ID #580 Metabolic reprogramming by MYC drives lipid storage for medulloblastoma maintenance
Flavia Bernardi, Jacob Torrejon Diaz, Irene Basili, Randy Van Ommeren, Veronique Marsaud, Hua Yu, Julie Talbot, Judith Souphron, Emilie Indersie, Antoine Forget, Benjamin Bonneau, Alexane Massiot, Coralie Alcazar, Laurine Figeac, Emma Bonerandi, Valentina Lo Re, Nathalie Planque, Naoji Yubuki, Roberto A Ribas, Marjorie Fanjul, Won-Jing Wang, Jin-Wu Tsai, Ramon C Sun, Kevin Beccaria, Christelle Dufour, Jean-Emmanuel Sarry, Kulandaimanuvel Antony Michealraj, Michael D Taylor, Olivier AyraultAbstract
Background
Medulloblastoma (MB) is the most prevalent malignant pediatric brain tumor, characterized by significant molecular diversity. Among its subgroups, Group 3 (G3) MB, frequently driven by the MYC oncogene, is associated with the poorest clinical outcomes. While transcriptional exploration of MB tumors has been extensively performed, the limited availability of metabolomic data has constrained understanding of the core biological processes sustaining tumor aggressiveness.
Methods
We performed an extensive characterization of primary MB samples using a multi-omic integration approach comprising proteomics and metabolomics.
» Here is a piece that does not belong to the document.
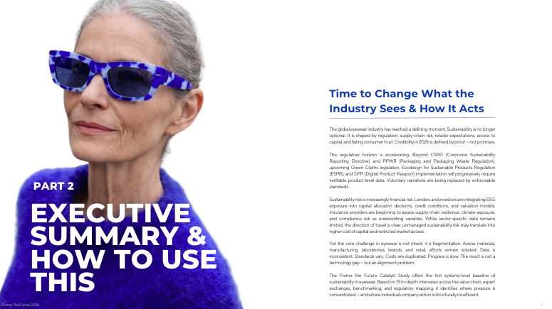 At MIDO, Frame the Future took The Vision Stage and introduced the alliance and shared the first insights from the Catalyst Study - the industry’s first baseline analysis mapping sustainability across the eyewear value chain, grounded in expert interviews and in-depth research.
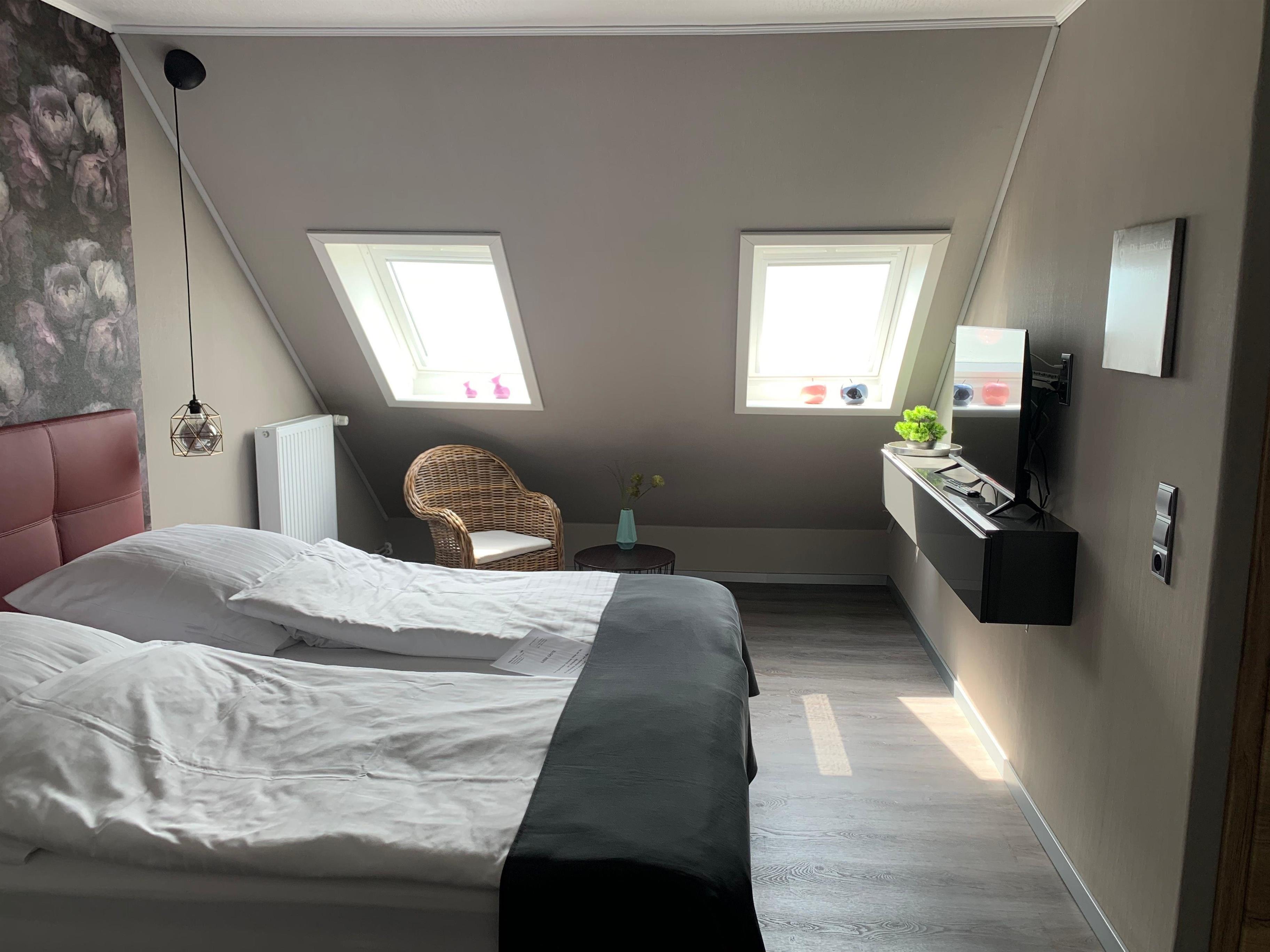 Das Schlafzimmer erreichen Sie über eine Treppe aus dem Wohnbereich im Obergeschoß. Hier finden Sie ein sehr hochwertiges Leder Boxspringbett für einen geruhsamen Schlaf. Vom Schlafzimmer ausgehend gehts in ein zweites separates WC. Zur Ausstattung gehören 2 Smart TV. DieWohnung lässt keine Wünsche offen.

Key findings were validated using cutting-edge technologies, including untargeted lipidomics, MALDI-MSI, and Transmission Electron Microscopy (TEM), on flash-frozen samples and Patient-Derived Xenografts (PDXs). Using an extensive combination of cytofluorometry, imaging, cellular metabolism assays and orthotopic preclinical models, we functionally assessed the cellular phenotypes in-vitro and in-vivo.
Results
Integrated analyses uncovered pronounced metabolic heterogeneity across medulloblastoma, with G3 tumors displaying the greatest diversity. In a subset of MYC-high G3 tumors, we identified a lipid-dependent metabolic program characterized by enhanced de novo lipogenesis, triglyceride synthesis, and the accumulation of lipid droplets (LD). Mechanistically, we show that these cells exhibit a unique dependence on LD-mitochondria communication to fuel fatty acid oxidation (FAO) and oxidative phosphorylation (OXPHOS). Functional perturbation of lipid droplet biogenesis through inhibition of diacylglycerol acyltransferase 1 (DGAT1) disrupted lipid compartmentation, increasing membrane-associated polyunsaturated fatty acids, and triggering ferroptotic cell death by lipid peroxidation. MYC-high G3 models showed heightened dependency on this pathway, and DGAT1 inhibition significantly impaired tumor growth and improved survival in vivo.
Conclusions
This study identifies lipid droplets as both a necessary energy storage unit and critical metabolic defense mechanism in MYC-driven G3 medulloblastoma. Moreover, this work establishes the MYC-DGAT-lipid droplet axis as a targetable vulnerability, providing a strong rationale for metabolism-based precision therapies in high-risk pediatric brain tumors.